The AMWU claims the major envelope supplier, which is the country’s largest envelope manufacturer, is short on its stock as a result.

Candida, the country’s second largest envelope producers recently closed its Sydney plant to consolidate all manufacturing in Adelaide. Third biggest envelope manufacturer Express Envelopes says it has not yet seen an upswing in demand as a result of the strike.

Of the request for FWC intervention Dean Griffiths, AMWU organiser says, “The company has put in for a Section 11 with the Fair Work Commission, they are looking to dissolve the dispute and have a mediation between the two parties. We are just waiting for the commission to set a date and a time so we can kick off negotiations.

[Related: Australia Paper demands workers return]

“The company has put out a letter to everyone on the picket line saying that they are welcome to return and they are now seeking a mediation from the Fair Work Commission. With their statements to the press they are saying they are still negotiating, but that is not true, we have not heard from them.

 “I have spoken to the guys in the warehouse through their union and they have said there is no stock at all. They have had to go to work for another company for the moment to keep busy. There are 11 different envelopes they do for Officeworks and I have been told by the warehouse guys that they are out.”

The dispute has come about after nine months of failed negotiations for a new EBA. Workers have asked for a 2.5 per cent annual pay rise for three years and no loss of RDOs, and are against a reclassification of the pay structure which they claim will freeze pay increases for long time staff until newer employees’ wages catch up. The company has offered a total 6.5 per cent pay rise over four years and wants to reduce the current 16 RDOs to 12.

Griffiths says, “The workers are adamant, they are not going back unless their conditions are met.

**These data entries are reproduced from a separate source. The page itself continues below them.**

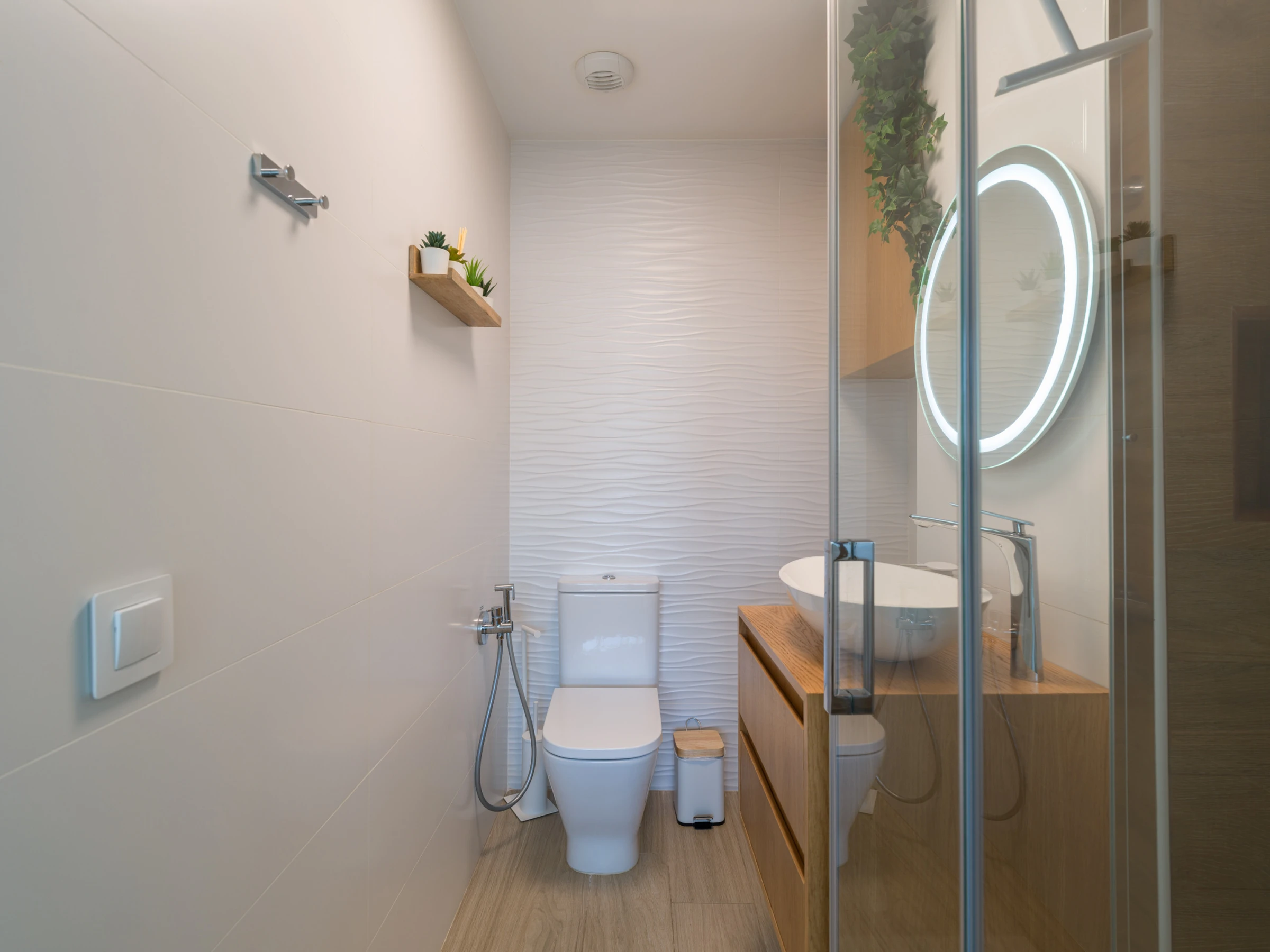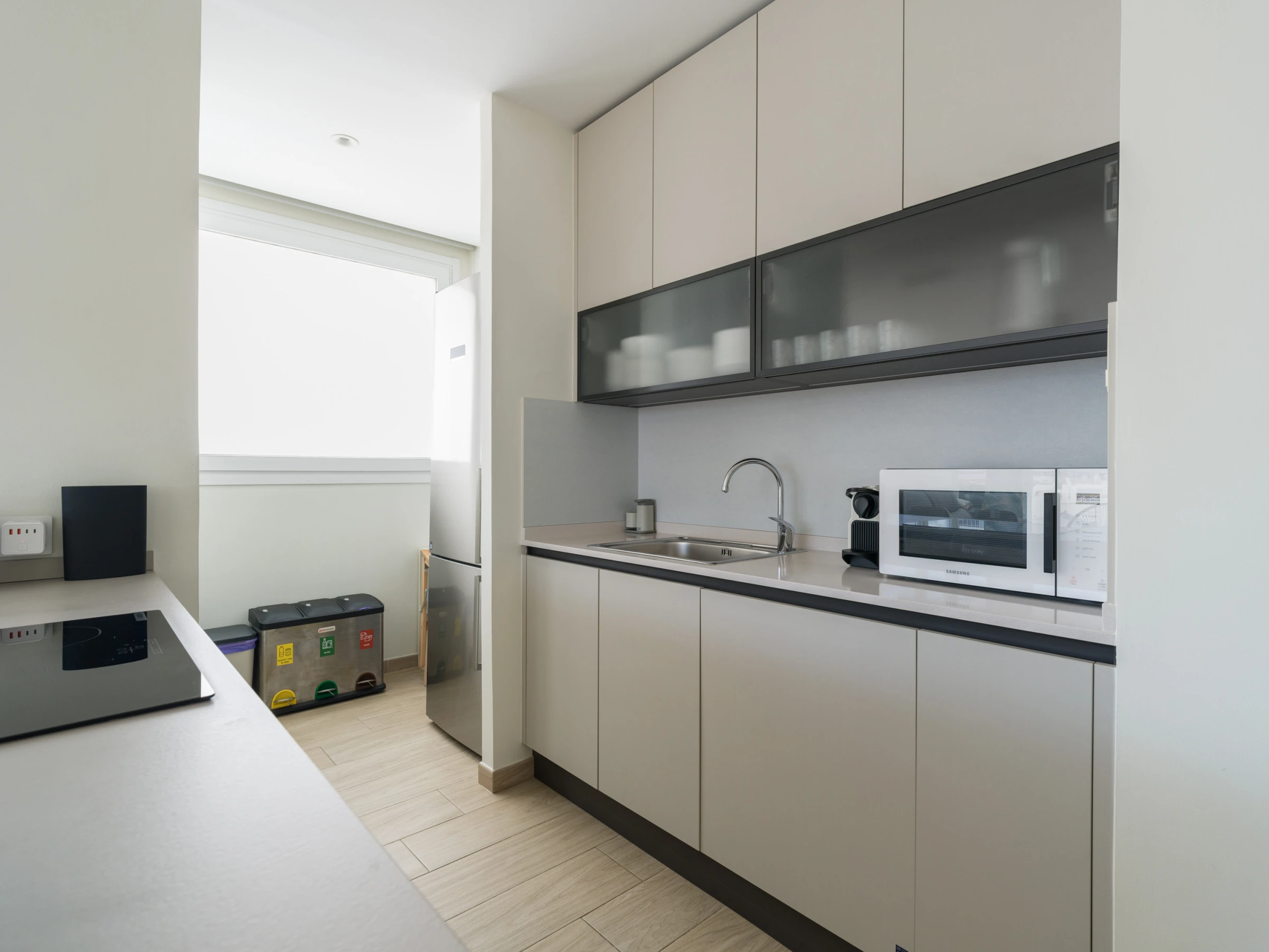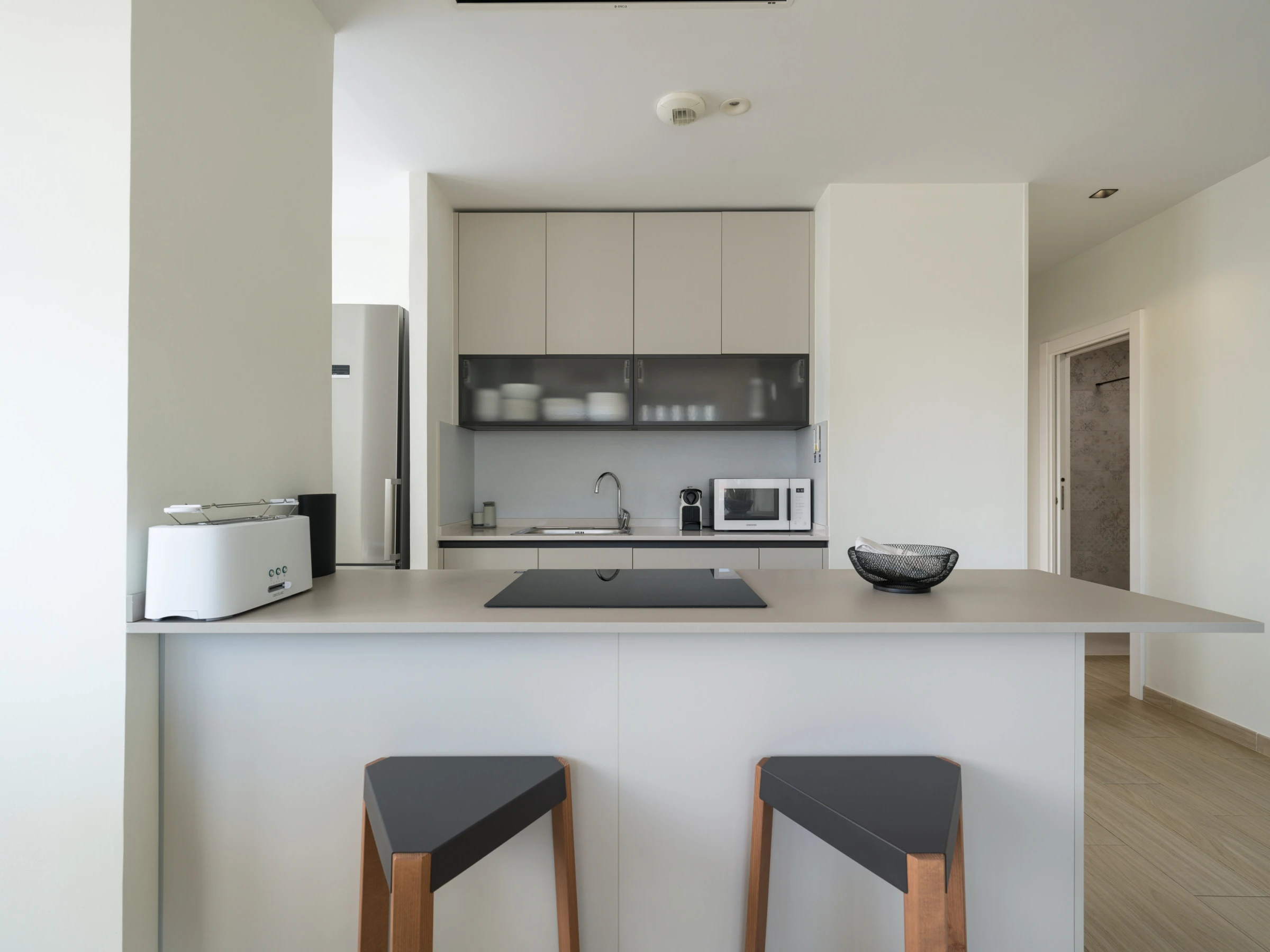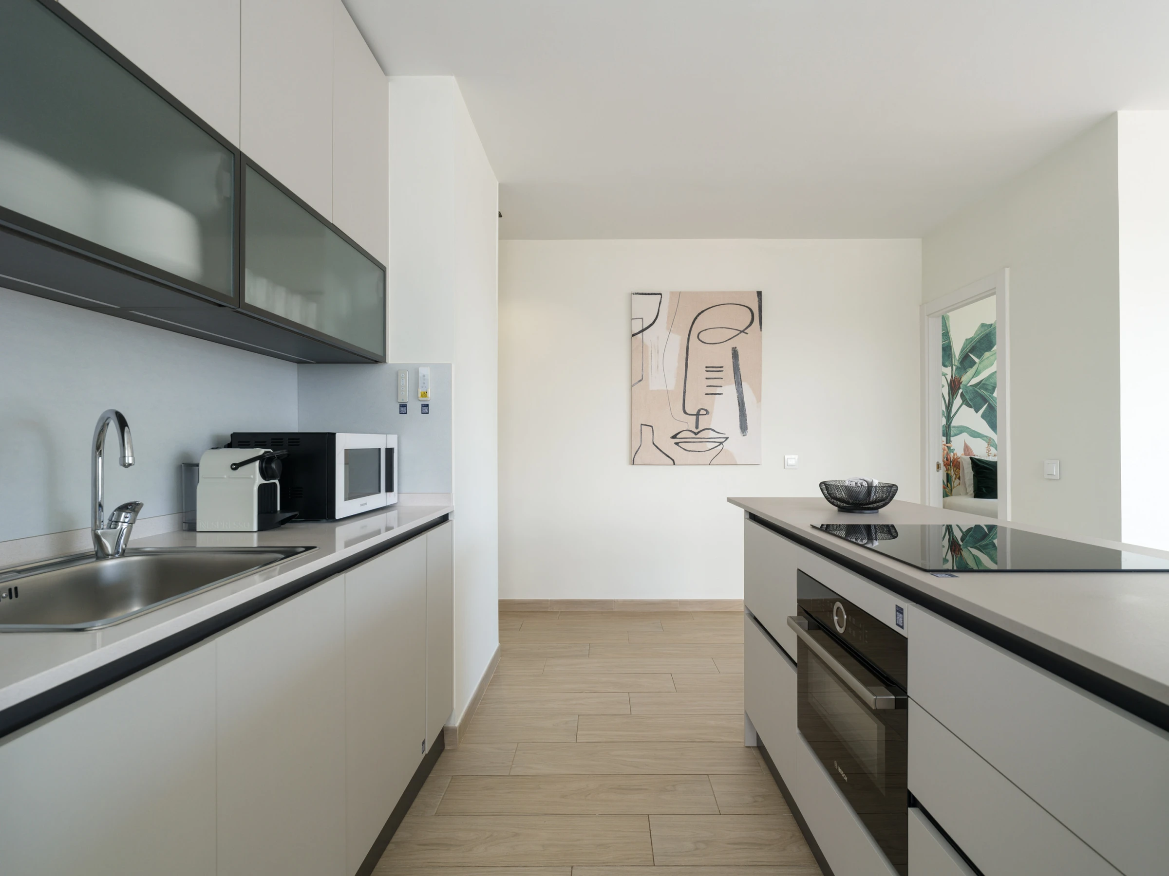 Parmi ses caractéristiques, on peut noter un balcon avec vue sur la mer et la ville, un salon avec canapé, une zone de repas, une télévision HD, une connexion WiFi, un bureau de travail et une zone de repassage. Le logement est décoré avec goût et dispose de détails tels que des porte-manteaux, des placards intégrés et de la literie de qualité.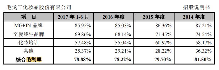 招股书显示,2014年至2017年上半年,毛戈平公司的综合毛利率分别为81.50%、79.70%、78.22%和78.88%。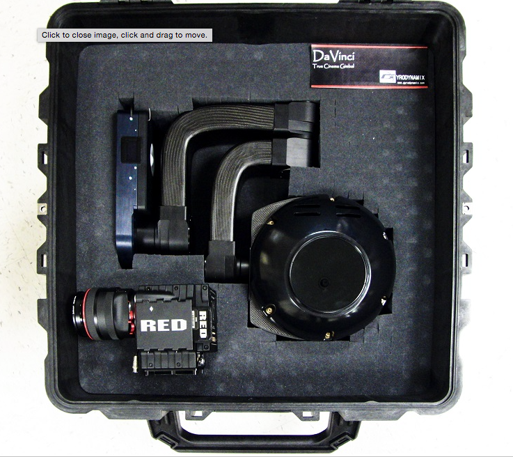 The team at AES has created the DaVinci high performance three-axis gimbal to serve the professional market and enable a complete aerial platform for the Red Epic that complies with the FAA 55b (24.9kg) weight limit.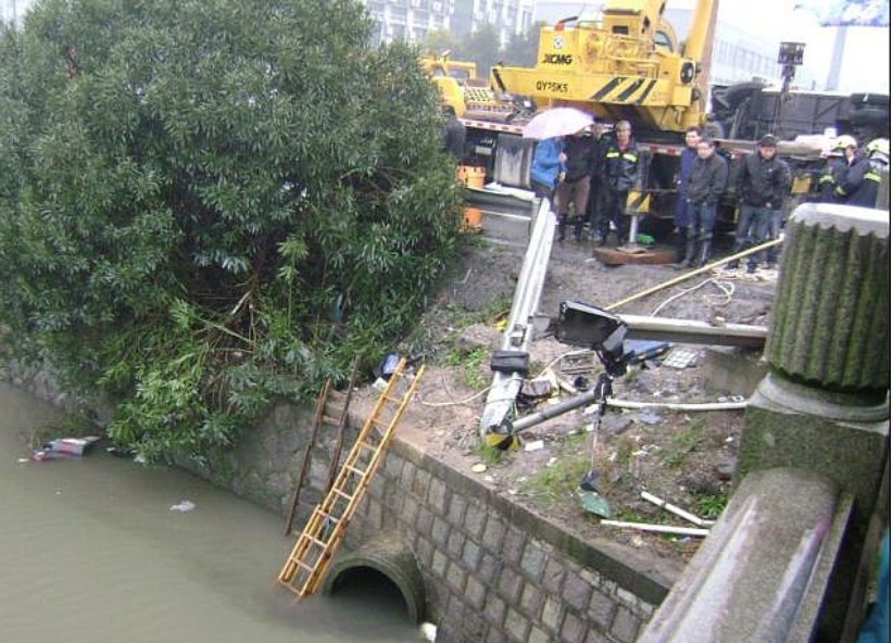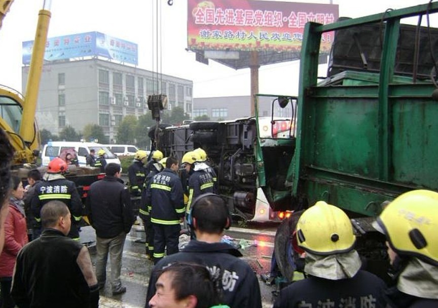 3月8日早上6时20分许,宁波余姚市泗门镇光明北路,一辆载有28人的大客车与大货车相撞后坠入附近河中。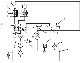 Для смазки данного станка принимаем комбинированную смазочную систему, которая состоит, из централизованной импульсной системы. Смазочный материал подается к каналам расположенных в нутрии валов под давлением, при этом происходит смазывание подшипников и охлаждение электромагнитных муфт. Смазка зубчатых передач осуществляется аэрозольным методом. Схема импульсной системы приведена на рисунке 9 состоящая из: 1 – указатель уровня смазочного материала; 2 – приемный фильтр; 3 – насос; 4 – фильтр напорной магистрали; 5 – манометр; 6 – смазочный дроссельный блок с ротаметрическими указателями; 7 – реле расхода смазочного материала; 8 – точки смазывания; 9 – указатель потока; 10 – точки смазывания с форсункой; 11 – точки смазывания; 12 – смазочный дроссельный блок; 13 – сливной магнитосетчатый фильтр; 14 – предохранительный клапан;15 – реле уровня; 16 – фильтр; 17 – резервуар.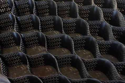 土工格室是目前国内外较为流行的一种新型的高强度土工合成材料,它是由强化的HDPE片材料,经高强力焊接而形成的一种三维网状格室结构。具有伸缩自如,运输可缩叠,施工时可张拉成网状,填入泥土、碎石、混凝土等松散物料,构成具有强大侧向限制和大刚度的结构体。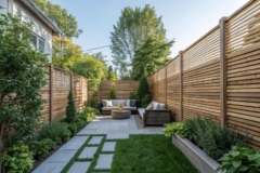 - Horizontal Wooden Slats: Enhance your garden’s elegance by installing these durable wooden slats for a modern look.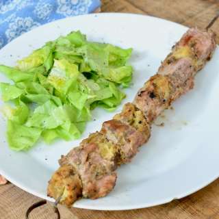 - Place the assembled skewers on the preheated grill pan. Cook for about 4 minutes per side or about 8 minutes total. Turn as necessary to cook pork evenly. Baste with half of the remaining extra marinade while grilling if desired.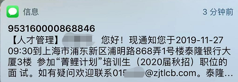 [上海]2020浙江泰隆商業銀行秋季校園招聘面試通知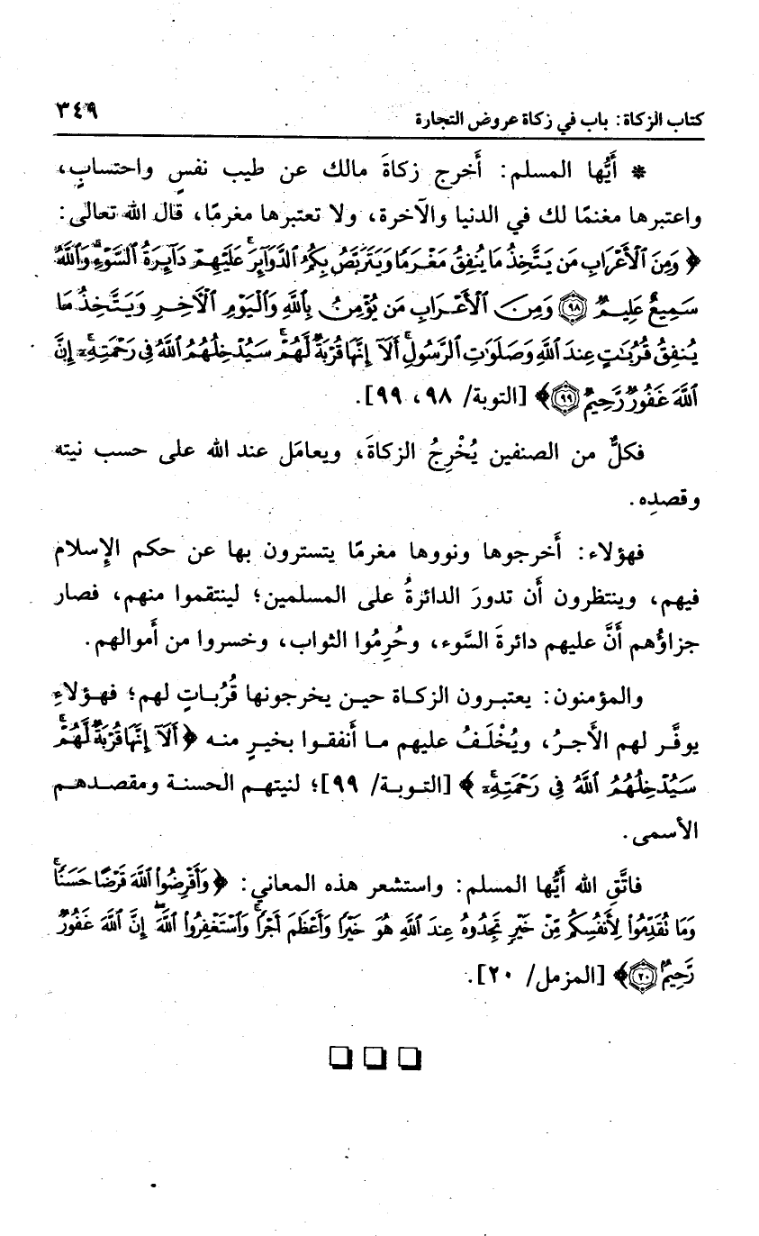 أيها المسلم، أخرج زكاة مالك عن طيب نفس واحتساب، واعتبرها مغنما لك في الدنيا والآخرة، ولا تعتبرها مغرما، قال الله تعالى: {وَمِنَ الْأَعْرَابِ مَنْ يَتَّخِذُ مَا يُنْفِقُ مَغْرَماً وَيَتَرَبَّصُ بِكُمُ الدَّوَائِرَ عَلَيْهِمْ دَائِرَةُ السَّوْءِ وَاللَّهُ سَمِيعٌ عَلِيمٌ وَمِنَ الْأَعْرَابِ مَنْ يُؤْمِنُ بِاللَّهِ وَالْيَوْمِ الْآخِرِ وَيَتَّخِذُ مَا يُنْفِقُ قُرُبَاتٍ عِنْدَ اللَّهِ وَصَلَوَاتِ الرَّسُولِ أَلا إِنَّهَا قُرْبَةٌ لَهُمْ سَيُدْخِلُهُمُ اللَّهُ فِي رَحْمَتِهِ إِنَّ اللَّهَ غَفُورٌ رَحِيمٌ} ؛ فكل من الصنفين يخرج الزكاة؛ ويعامل عند الله على حساب نيته وقصده؛ فهؤلاء أخرجوها ونووها مغرما يتسترون بها عن حكم الإسلام فيهم، وينتظرون أن تدور الدائرة على المسلمين؛ لينتقموا منهم، فصار جزاءهم أن عليهم دائرة السوء، وحرموا الثواب وخسروا من أموالهم، والمؤمنون يعتبرون الزكاة حين يخرجونها قربات لهم؛ فهؤلاء يوفر لهم الأجر، ويخلف عليهم ما أنفقوا بخير منه، {أَلا إِنَّهَا قُرْبَةٌ لَهُمْ سَيُدْخِلُهُمُ اللَّهُ فِي رَحْمَتِهِ} ؛ لنيتهم الحسنة ومقصدهم الأسمى.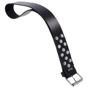 cow-hide leather belt-style impact tool with silver hardware detailingFolded strap design delivers sharp, satisfying stinging impactSilver buckle enhances the realism and anticipation of traditional belt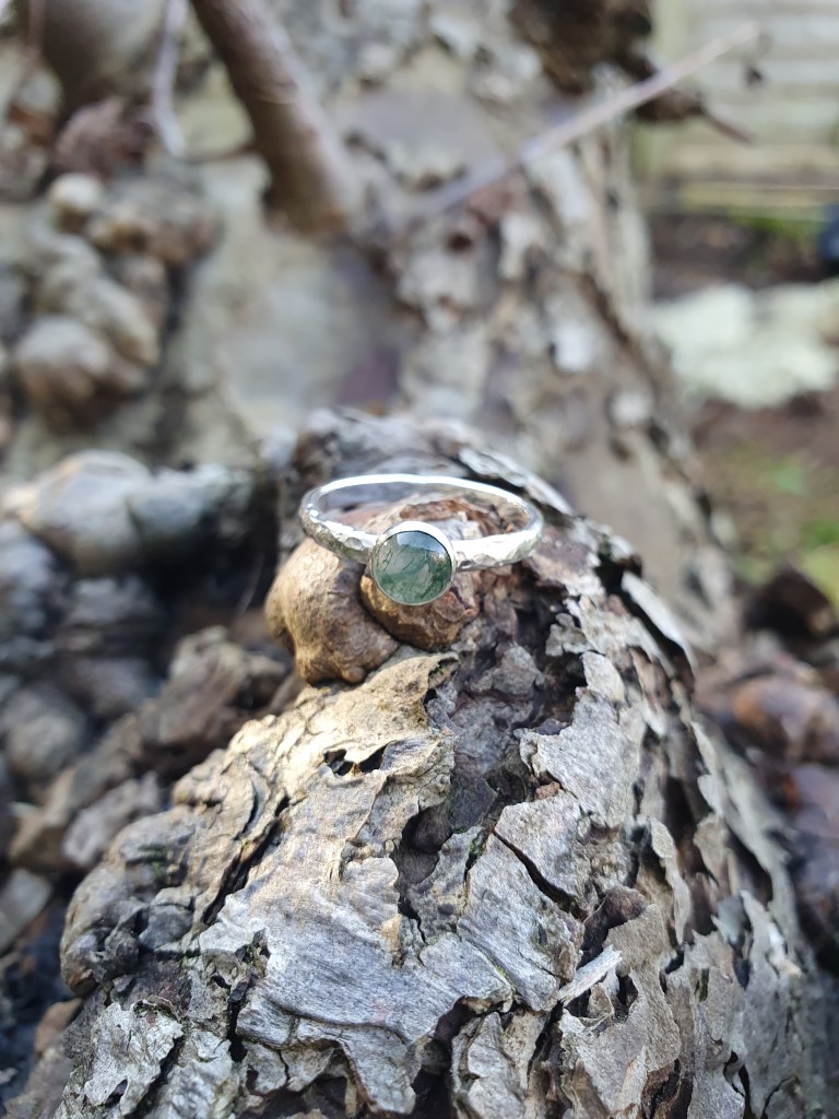 A 6mm stone, set in a sterling silver bezel, on a slim sterling silver band.
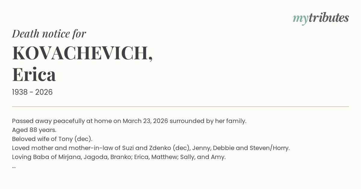 Loved mother and mother-in-law of Suzi and Zdenko (dec), Jenny, Debbie and Steven/Horry.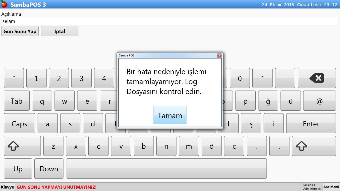 "bir hata nedeniyle tanımlanamıyor , log dosyasını kontrol edin diyor " gün sonu alamıyorum

“Andrew Giles, a local MP has visited. People from the local community have supported us, they have given the protestors water and hot cross buns. We are also seeing support from local businesses. The local butcher has given me a discount when I have bought meat for us. We have also been getting support from local print shops, they have been passing the hat around and getting collections. Aurora and Amcor have done it. The posties as well, the Australia Post union have been collecting donations. Other unions have come down and joined in the protest, the nurses and others, so many have visited, I cannot remember them all.”